Hay problemas que sólo se comprenden en toda su magnitud cuando empiezan a resolverse. Si el 15M apuntó a la enorme distancia que existía entre unas instituciones encerradas entre cuatro paredes y lo que vivía y pensaba una mayoría social castigada por las decisiones que éstas tomaban, en este mes de mayo hemos comprobado cómo sigue siendo motivo de sorpresa que los representantes de la ciudadanía se acerquen a ésta para escuchar y rendirle cuentas. Por eso, esta campaña no se ha centrado en las plazas céntricas de grandes capitales, sino que ha ubicado en las pequeñas ciudades, los municipios periféricos, donde más se sufre la distancia, real y simbólica, de un Congreso que debería representarnos a todas y todos. La escenografía de esta campaña ha sido creada de acuerdo con esta necesidad de acercamiento: una trasera con una ilustración de Miguel Gallardo que creemos que ejemplifica esta legislatura mejor que ninguna fotografía; leones de peluche con los que niñas y niños pudieran jugar, sintiendo como propio el símbolo más conocido de una institución que les pertenecerá dentro de unos años; unas sillas doradas en las que personas corrientes pudieran sentarse para recordarnos a todos que los escaños no son propiedad de ningún partido, sino del pueblo.
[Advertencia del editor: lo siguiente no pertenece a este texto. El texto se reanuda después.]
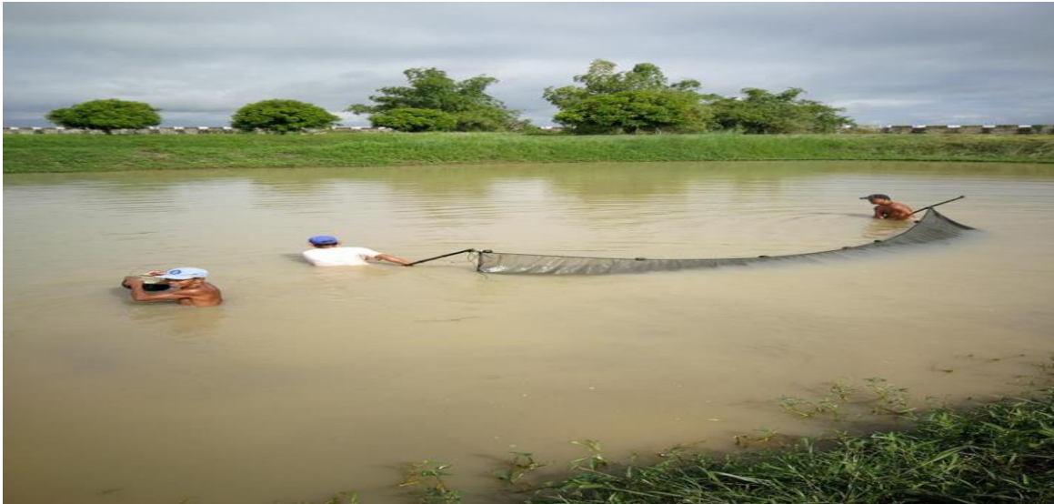
Collection of tilapia fingerlings at San Pablo Fish Farm for distribution to backyard fishpond and communal bodies of water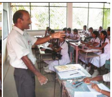
2012 G.C.E O.L Math's Class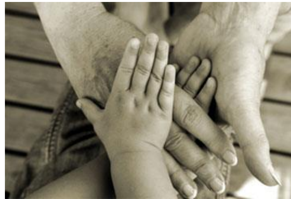
Delhi Long Term Care Home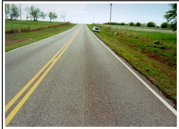
Figure 1. Direction of travel towards impact area (west)

This single vehicle crash versus an animal occurred in March, 2002 at 1945 hours in the state of Oklahoma. The crash occurred on an east/west two lane rural road. At the area of impact, the undulating two lane asphalt roadway is straight, undivided, with a positive 1.7% grade. The roadway is bordered on both sides by depressed grassy areas. The weather was dry and clear. It was dark at the time of the crash and the roadway was not lit. There are no traffic controls present and the speed limit is 89 km/h (55 mph). A nearby resident reported to a local newspaper that there are numerous deer in the area and that numerous crashes have occurred as the deer run onto the road.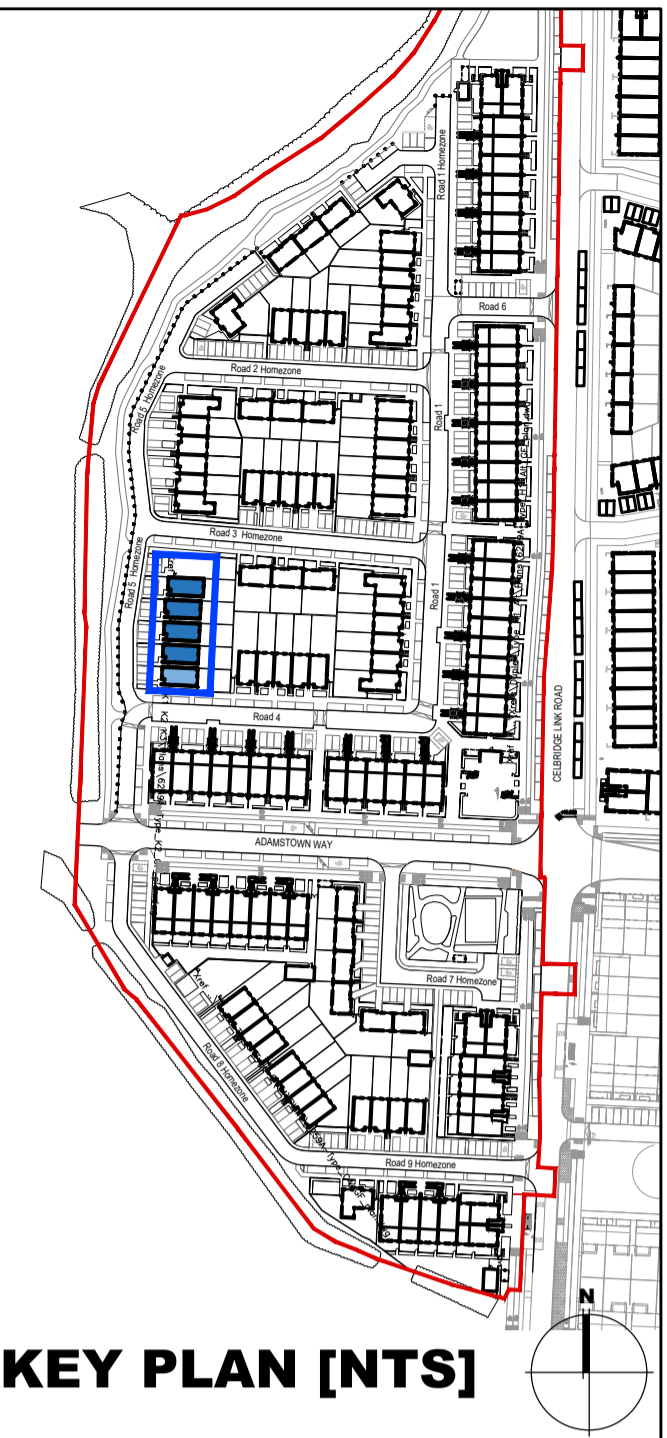
KEY PLAN [NTS]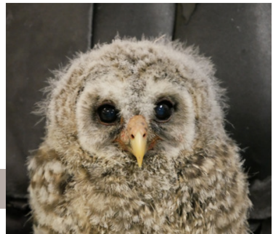
Baby Barred Owl.

Learn more about supporting our work as a volunteer or donor at http://cbop.audubon.org/

Si algo han demostrado estos años es que la ciudadanía de nuestro país no sufre la apatía política que muchos diagnosticaban hace no tanto, sino que tiene un firme deseo de participación y de protagonismo en este momento histórico. Por eso, campañas como ésta huyen del formato mitin y generan espacios de encuentro en los que cualquier persona ha podido subir al escenario y formular preguntas, hacer críticas o simplemente explicar a sus representantes problemáticas específicas que merecen respuesta inmediata. Se han escuchado testimonios estremecedores, como el de la madre que, en Mallorca, nos contaba cómo su hija, camarera de piso, no había podido asistir por la imposibilidad de pedir días libres en un sector caracterizado por la ausencia de derechos laborales elementales. Preguntas difíciles como la de quien, en Elche, nos pedía que hiciéramos autocrítica y reconociéramos que podríamos haber hecho mejor en la negociación con el PSOE. Una pregunta anónima, en un pueblo de Córdoba, que en sí misma contaba más sobre el miedo y el caciquismo que cualquier respuesta: "Si vosotros gobernáis, ¿se mantendrán igual las peonadas?". Queremos agradecer especialmente a esos cientos de personas anónimas que subieron a los escenarios el haber puesto rostro a los dolores y las incertidumbres de nuestra sociedad.

Muchas de las ideas que Podemos pone en marcha, tras ser inicialmente tildadas de populistas, malintencionadas o teatrales, acaban siendo asumidas como propias por nuestros adversarios. Recordemos las primarias, las consultas a la ciudadanía, la transparencia en la financiación... Ojalá que esta campaña sirva para que dentro de poco podamos ver a las y los diputados de todas las fuerzas políticas sentados en las plazas de sus ciudades para rendir cuentas ante la misma gente que los ha elegido, ante una ciudadanía que nunca más vea el Congreso de los Diputados como un espacio lejano y ajeno, sino como lo que nunca debió dejar de ser: la sede de la soberanía de nuestro pueblo.